TASK DETAILS
For every entry that follows, return the words exactly and omit any picture.

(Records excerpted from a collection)

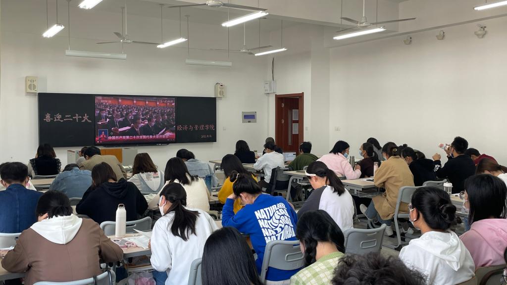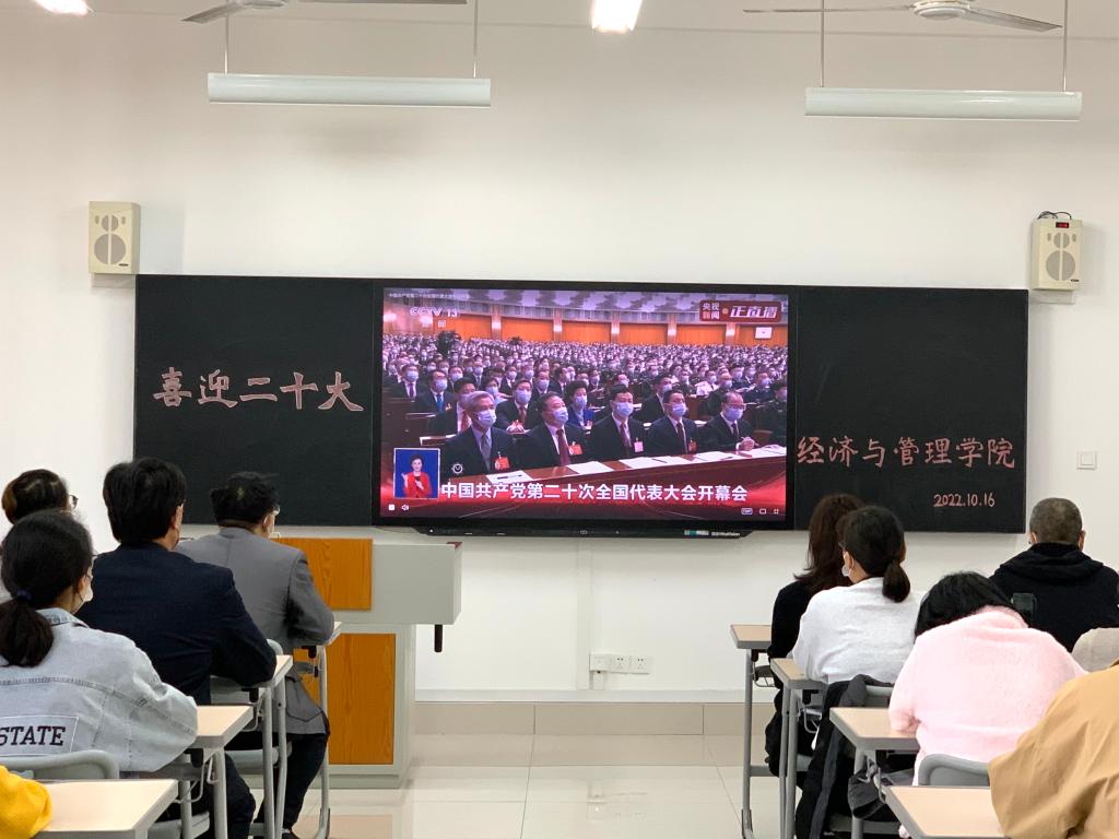 2022年10月16日上午10时,中国共产党第二十次全国代表大会北京人民大会堂隆重召开,公司全体党员教师及员工党员在豁然楼A317室集中收看党的二十大开幕会盛况。各班级以主题班会的方式观看了开幕会,其他师生充分利用教室、宿舍网络、广播电视设施,学习会议精神,共同庆祝党的二十大胜利召开。
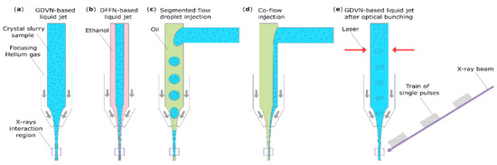 Schematic representations of standard (a,b) and innovative (c–e) injection delivery methods that are compatible with megahertz operation at the EuXFEL: (a) a GDVN-based liquid jet; (b) a DFFN-based liquid jet [38]; (c) a co-flow injection [44]; (d) a segmented flow droplet injection [45]; (e) a GDVN-based liquid jet with optical bunching [46].
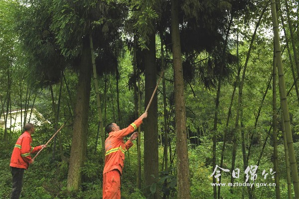 图为8月31日,绵竹市国有林场清水河工区工人在护林。
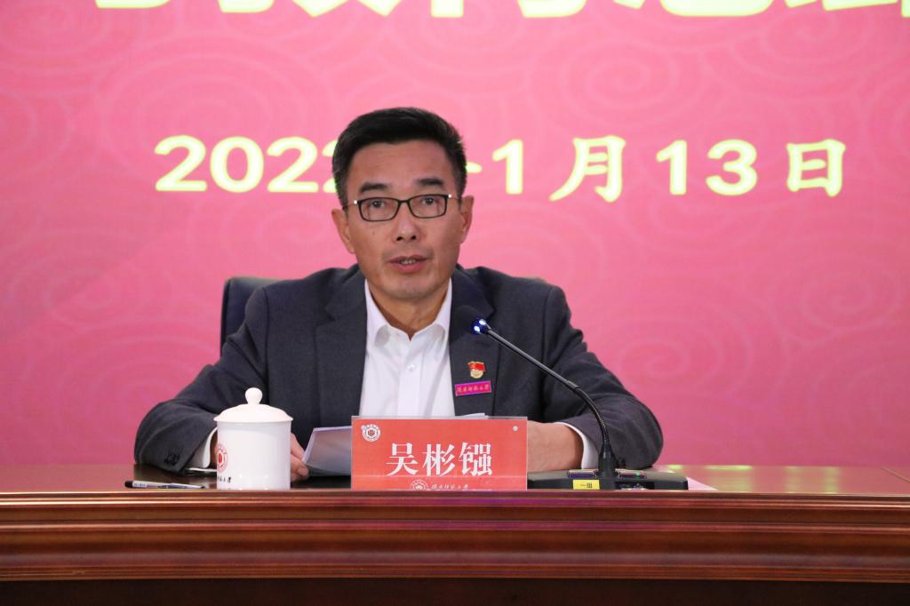吳彬鏹在講話中指出,黨史學習教育開展以來,學校黨委認真貫徹黨中央和省委決策部署,在省教育系統黨史學習教育巡回指導三組的精心指導下,結合高校立德樹人實際,周密謀劃部署,扎實開展黨史學習教育,做到理論武裝入腦入心、宣傳宣講出新出彩、學習教育見行見效、“我為群眾辦實事”實踐活動走深走實,黨史學習教育取得扎實成效。一年來,學校著力強化政治責任,堅持高站位謀劃、高標準落實,工作推進“有力度”;著力加強思想引領,堅持領導干部帶頭學、專題培訓深入學、融入課堂實踐學、研討交流貫徹學,學習研討“有熱度”;著力突出主題主線,通過校內外專家學者講黨史、思政課教師談黨史、朋輩青年話黨史,宣傳宣講“有深度”;著力凸顯學校特色,用好地方紅色資源、打造精品校園文化、開辟黨史學習“新陣地”,主題活動“有亮度”;著力做到知行合一,深入調研找準問題、多措并舉辦好實事、服務社會彰顯擔當,服務師生“有溫度”;著力推動事業發展,黨建思政工作取得新成效、學科發展取得重大突破、人才培養質量得到新提升、特色辦學喜結新碩果,開創新局“有效度”。
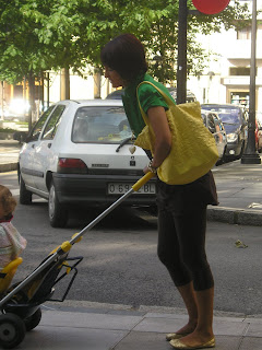 Al segundo podemos catalogarlo como sport chic ( intencionado o no, hasta el bolso combina con el manillar del triciclo…)
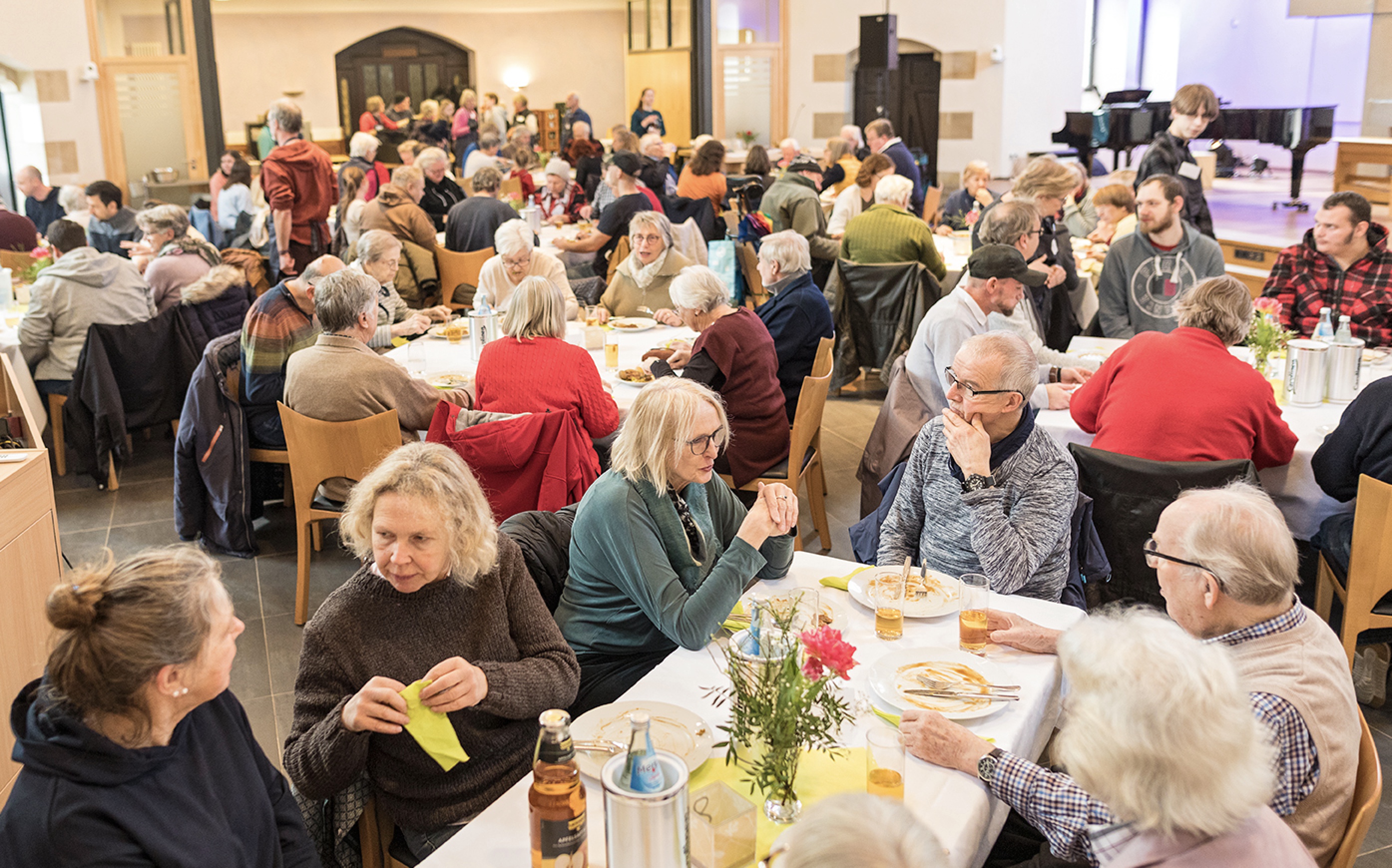 Sie schafft einen offenen Raum, in dem Menschen unabhängig von Herkunft, Einkommen oder Lebenssituation willkommen sind. Bei einem warmen, kostenlosen Mittagessen entstehen Begegnungen, Gespräche und Gemeinschaft auf Augenhöhe. Die Vesperkirche lindert materielle Not, wirkt Einsamkeit entgegen und stärkt das soziale Miteinander. Spenden ermöglichen Mahlzeiten, Infrastruktur und begleitende Angebote – und damit konkrete Hilfe, die ankommt.

RESPONSE
 2022年10月16日上午10时,中国共产党第二十次全国代表大会北京人民大会堂隆重召开,公司全体党员教师及员工党员在豁然楼A317室集中收看党的二十大开幕会盛况。各班级以主题班会的方式观看了开幕会,其他师生充分利用教室、宿舍网络、广播电视设施,学习会议精神,共同庆祝党的二十大胜利召开。
 Schematic representations of standard (a,b) and innovative (c–e) injection delivery methods that are compatible with megahertz operation at the EuXFEL: (a) a GDVN-based liquid jet; (b) a DFFN-based liquid jet [38]; (c) a co-flow injection [44]; (d) a segmented flow droplet injection [45]; (e) a GDVN-based liquid jet with optical bunching [46].
 图为8月31日,绵竹市国有林场清水河工区工人在护林。
吳彬鏹在講話中指出,黨史學習教育開展以來,學校黨委認真貫徹黨中央和省委決策部署,在省教育系統黨史學習教育巡回指導三組的精心指導下,結合高校立德樹人實際,周密謀劃部署,扎實開展黨史學習教育,做到理論武裝入腦入心、宣傳宣講出新出彩、學習教育見行見效、“我為群眾辦實事”實踐活動走深走實,黨史學習教育取得扎實成效。一年來,學校著力強化政治責任,堅持高站位謀劃、高標準落實,工作推進“有力度”;著力加強思想引領,堅持領導干部帶頭學、專題培訓深入學、融入課堂實踐學、研討交流貫徹學,學習研討“有熱度”;著力突出主題主線,通過校內外專家學者講黨史、思政課教師談黨史、朋輩青年話黨史,宣傳宣講“有深度”;著力凸顯學校特色,用好地方紅色資源、打造精品校園文化、開辟黨史學習“新陣地”,主題活動“有亮度”;著力做到知行合一,深入調研找準問題、多措并舉辦好實事、服務社會彰顯擔當,服務師生“有溫度”;著力推動事業發展,黨建思政工作取得新成效、學科發展取得重大突破、人才培養質量得到新提升、特色辦學喜結新碩果,開創新局“有效度”。
 Al segundo podemos catalogarlo como sport chic ( intencionado o no, hasta el bolso combina con el manillar del triciclo…)
 Sie schafft einen offenen Raum, in dem Menschen unabhängig von Herkunft, Einkommen oder Lebenssituation willkommen sind. Bei einem warmen, kostenlosen Mittagessen entstehen Begegnungen, Gespräche und Gemeinschaft auf Augenhöhe. Die Vesperkirche lindert materielle Not, wirkt Einsamkeit entgegen und stärkt das soziale Miteinander. Spenden ermöglichen Mahlzeiten, Infrastruktur und begleitende Angebote – und damit konkrete Hilfe, die ankommt.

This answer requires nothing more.